His usual activity on social networks went silent during the time the crimes were being committed in the Savopoulos home, the prosecutors noted.

Wint also stole the family’s blue Porsche and set it ablaze in Prince George’s County, prosecutors said.

In closing statements, Assistant U.S. Attorney Laura Bach told jurors that Wint was driven by greed and was in desperate need of money.

“He had no options left. He did this. He’s the one who killed these people,” Ms. Bach said, according to the New York Daily News. “Now you hold him responsible. Hold him accountable for what he did.”

His defense attorneys tried to create reasonable doubt among the jurors by suggesting that Wint’s brothers had committed the crimes and pinned it on their client, insisting that Wint could not have committed the crimes by himself.

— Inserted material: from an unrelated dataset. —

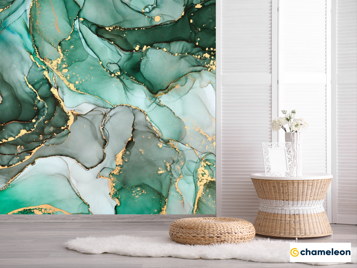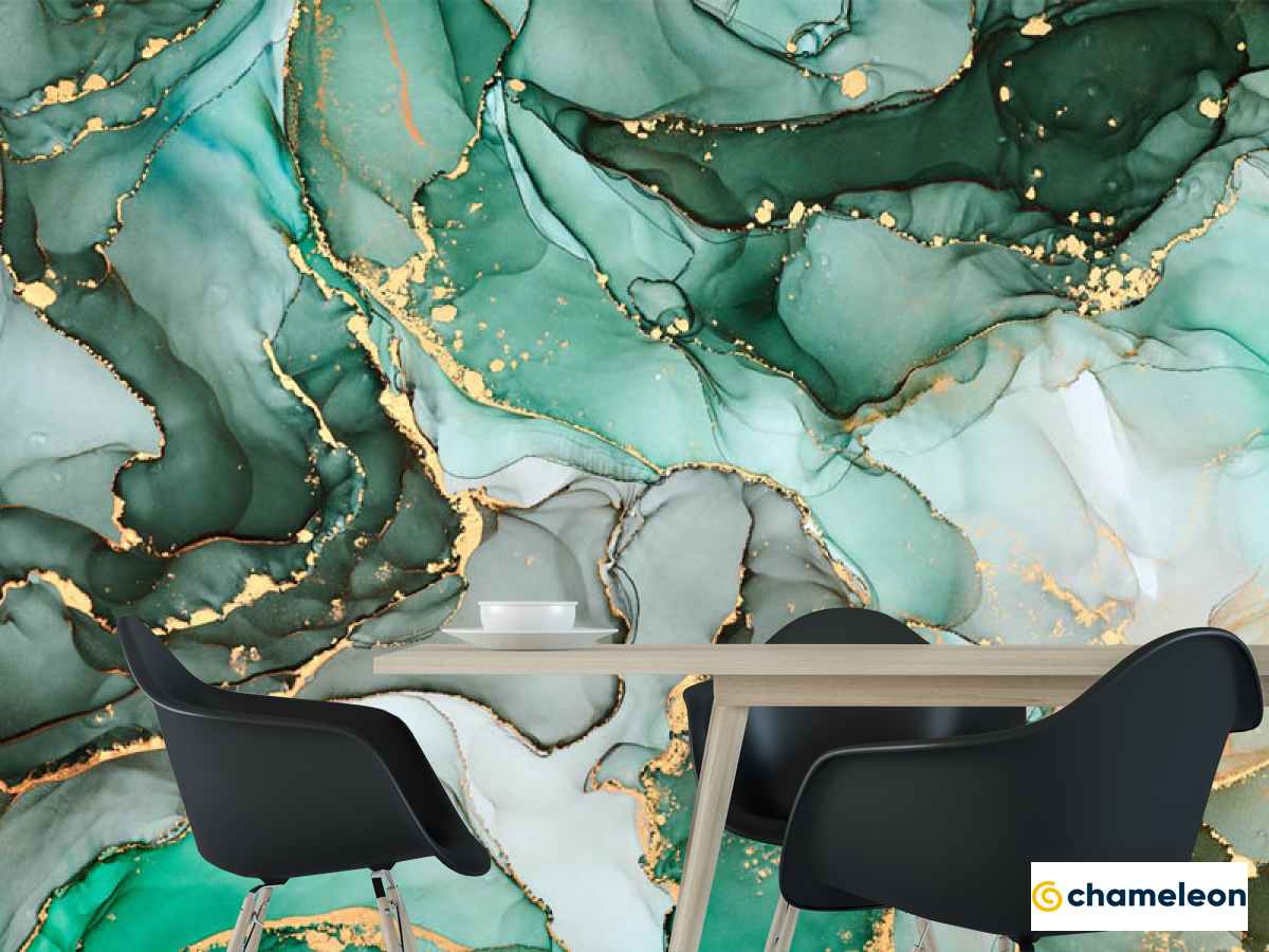 Фотошпалери «Фотошпалери Зелений Fluid art з золотом», (арт. 29341) - купити в інтернет-магазині «Будинок Фотошпалер» Хамелеон

“Even if Daron Wint had help, he’s still guilty,” Ms. Bach told the jury, the Daily News reported.

During the six-week trial, jurors were shown graphic photos of the burned bodies of the victims and heard expert testimony about how the victims had been beaten, strangled and stabbed.

Police also testified that they recovered cash and money orders from a car Wint was riding in when he was apprehended on May 21, 2015.

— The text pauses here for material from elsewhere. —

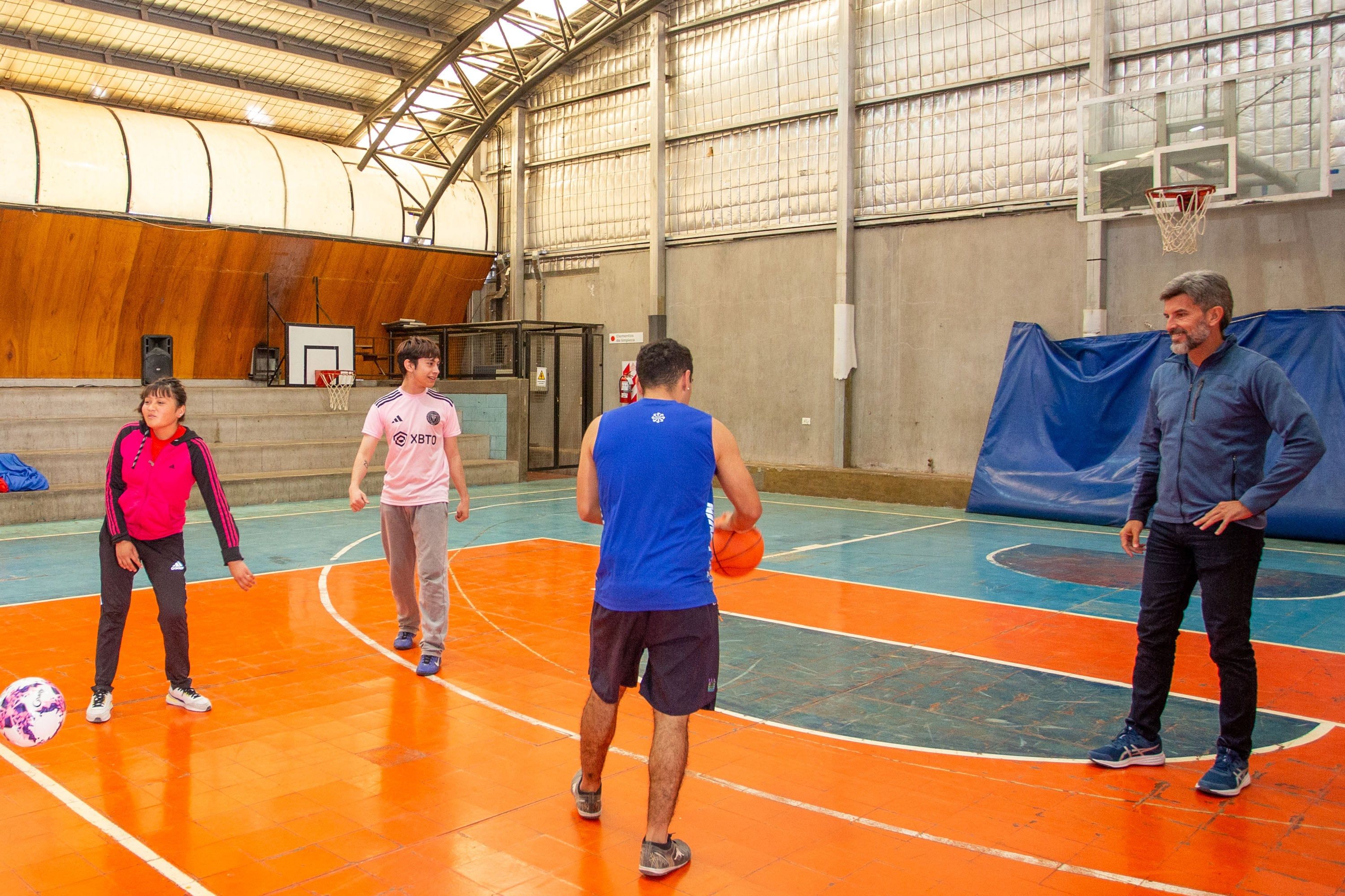 Uno de los desafíos a los que se sumó el intendente fue al de básquet, en el cual los alumnos probaron las nuevas pelotas con tiros dobles y triples. También, se acercó a alentar en el partido de fútbol que se jugó en la cancha del gimnasio.

In addition, Wint’s brothers and his former fiance testified against him.

“This was a heinous crime that shocked our community,” Miss Bowser said in her statement. “Perpetrators of violent crimes must be held accountable for their actions, and we are grateful that Daron Wint has been brought to justice and for the hard work of the Metropolitan Police Department, the U.S. Attorney’s Office and our federal law enforcement partners.”